Je me souviens d'une époque où lorsque l'on circulait en voitures sur les routes, il n'était pas rare de voir des auto-stoppeurs seuls, ou par couples, stratégiquement placés aux sorties des villes à l'amorce d'un grand axe routier, ou bien au pied d'un feu rouge, implorant votre sympathie pour les conduire vers des ailleurs qu'ils espéraient meilleurs et ensoleillés. Le pouce agité quand le voyageur débutait sa journée, le pouce mou en fin de journée, voire pas de pouce mais un vague mouvement de bras quand la lassitude le gagnait. D'autres plus malins, laissaient leur amie vous aguicher ou vous attendrir par des mouvements de hanches subtiles ; toutes les techniques étaient bonnes pour arrêter un véhicule quel qu'il soit mais susceptible de vous emmener.
Le co-voiturage pouvait être intéressant, favorisant des rencontres et des conversations inédites entre conducteur et véhiculé. Je me souviens encore d'avoir été pris en stop par un chevrier dans sa bétaillère sur une petite route Corse alors que j'en effectuais la traversée à pied au début des années 90. Il m'avait expliqué son boulot alors que de l'arrière nous parvenait des odeurs fortes de suint et des bêlements pathétiques. D'un autre côté, le conducteur bien intentionné pouvait se trouver encombré d'un malotru comme celui du fameux sketch de Coluche « c'est comme une poubelle mais sans les poignées ! ». Tous les cas de figure étaient possibles, même les plus dramatiques si l'un des deux protagonistes s'avérait être un serial killer par exemple.
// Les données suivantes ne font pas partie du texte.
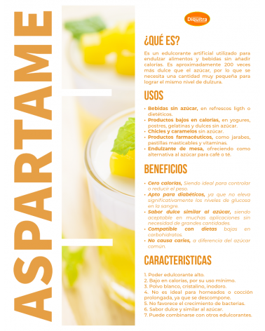Es un edulcorante artificial utilizado para endulzar alimentos y bebidas sin añadir calorías. Es aproximadamente 200 veces más dulce que el azúcar, por lo que se necesita una cantidad muy pequeña para lograr el mismo nivel de dulzura.
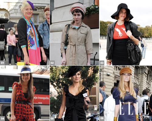 unique hats 1 전체적으로 화려한 네온 컬러를 연출했지만 블랙 재킷으로 과한 느낌을 피했다. 헤어 장식처럼 연출한 빈티지풍의 퍼플 베레가 블론드 헤어와 잘 어울린다. 2 단발머리와 꼭 어울리는 볼륨 있는 베레를 썼다. 빈티지 느끼므이 트렌치코트와도 찰떡 궁합인 듯. 모자에 장식된 레드 리본과 베일이 독특하다. 3 와이드한 챙은 햇빛 쨍쨍한 여름날에만 쓰는 것이 아니다. 자연스럽게 늘어지는 챙이 부드러운 느낌을 살려준다. 레드 티셔츠와 블랙 하이웨이스트 스커트, 폴카 도트 패턴 타이즈와 함께 유니크한 룩을 만들었다. 4 상큼한 오렌지 컬러의 샤넬 드레스와 네이비 컬러 와이드 밴드가 둘러기 스트로 햇 때문에 벌써부터 바캉스 시즌이 다가온 느낌이다. 5 생생한 스트리트 룩을 전달하는 TV 리포터도 드라마틱한 모자로 한껏 멋을 냈다. 프릴과 드레이프 장식의 드레시한 룩에 걸맞은 과감한 모자 선택이 돋보인다. 6 스웨이드 소재의 밀리터리 햇이 드레스 어깨의 풍성한 볼륨과는 대조적으로 딱딱한 느낌을 연출해 룩과 다소 동떨어진 느낌을 줘 아쉽다. |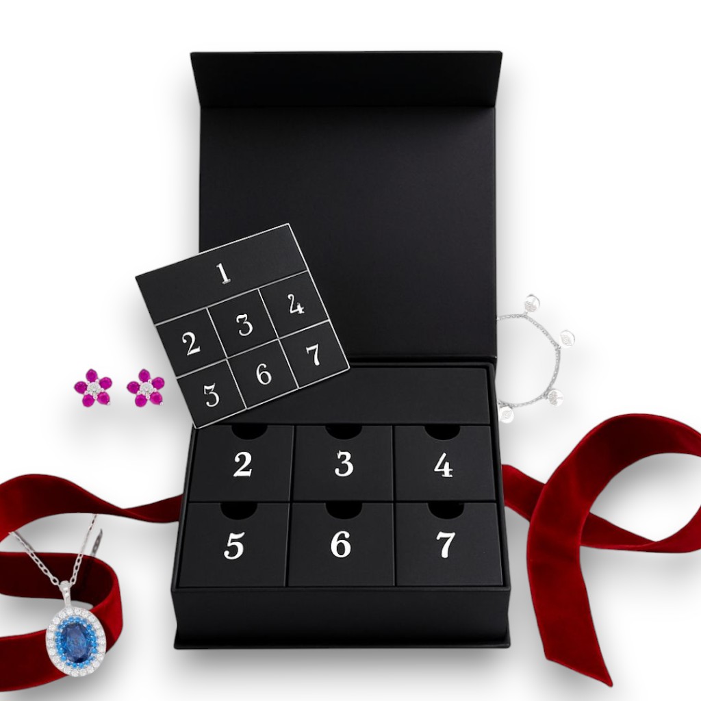 ✨ Ζήσε την εμπειρία της αναμονής με το πιο κομψό Advent Calendar της σεζόν. Μέσα στο πολυτελές μαύρο μαγνητικό κουτί κρύβονται 7 ξεχωριστές εκπλήξεις για να προσφέρουν στιγμές λάμψης. Ένα LIMITED EDITION δώρο, ιδανικό για γυναίκες 20+ που αγαπούν τη λάμψη της απλότητας και την ομορφιά του απροσδόκητου. Μέσα σε ένα από τα κουτιά του Advent Calendar κρύβεται μια δωροεπιταγή αξίας 50€ για τις επόμενες αγορές σας σε ασημένια κοσμήματα!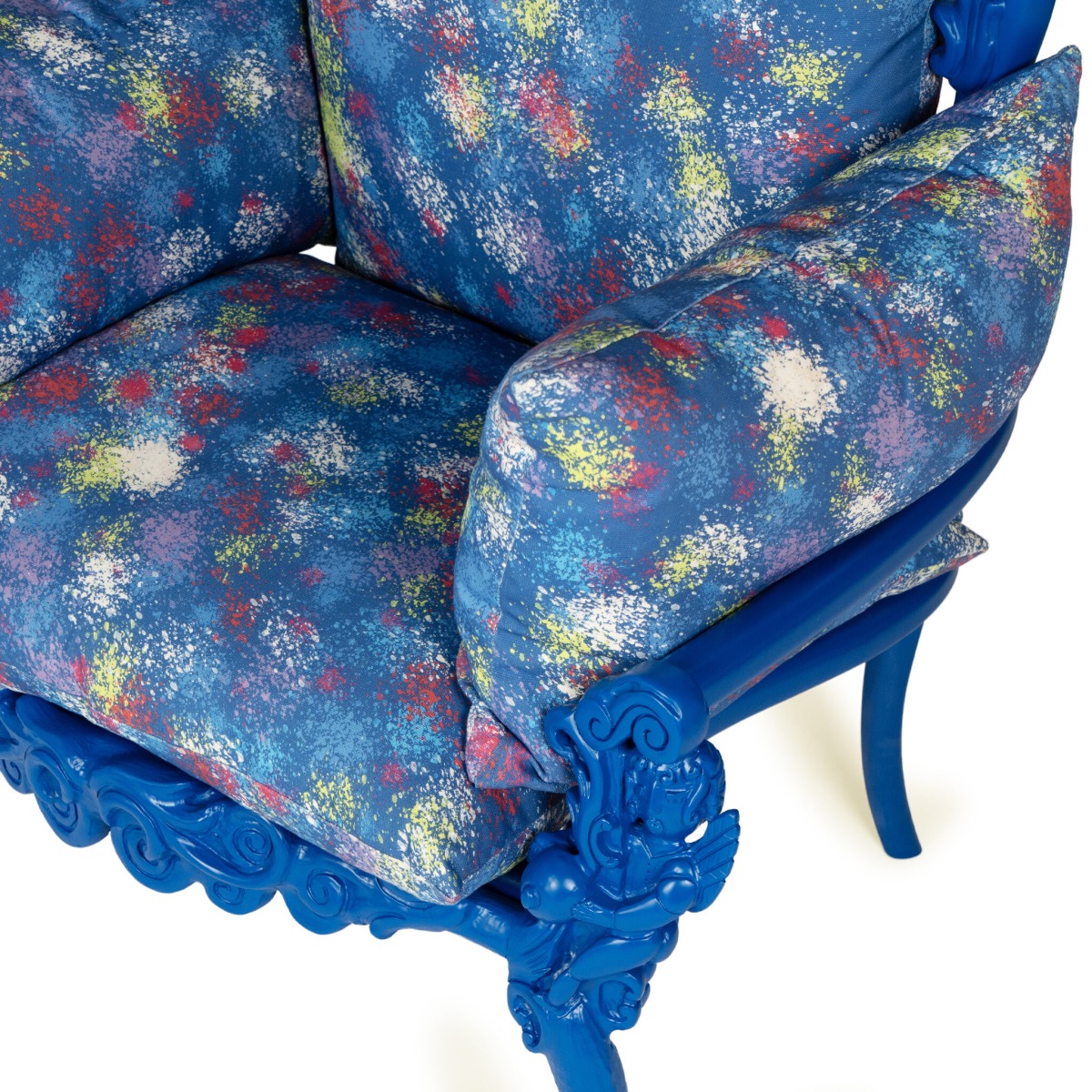 L’Italia non è un paese, è un mare di storie. Agata graffiti è una poltrona ornamentale progettata da Antonio Aricò per celebrare la Proust di Alessandro Mendini e Sant’Agata, una festa siciliana che è la terza festa popolare più grande al mondo. Ogni esemplare è personalizzato da Aricò con bombolette spray dai colori metallici.

Toujours est-il qu'aujourd'hui j'ai l'impression qu'on ne voit plus beaucoup de ces voyageurs partant le sac au dos, pour des voyages à sauts de puce rythmés par la complaisance des automobilistes. Est-ce que les automobilistes devenus craintifs ou prudents c'est selon, ne prennent plus ces voyageurs ou que les auto-stoppeurs se sont tous payé des voitures ? Pour ma part je ne vois quasiment plus de ces étranges escargots géants. Paradoxalement le réchauffement climatique devrait les voir en masse sur les routes poussés par le besoin d'aller voir ailleurs, mais pourtant c'est le contraire. Une nouvelle espèce en voie de disparition très certainement.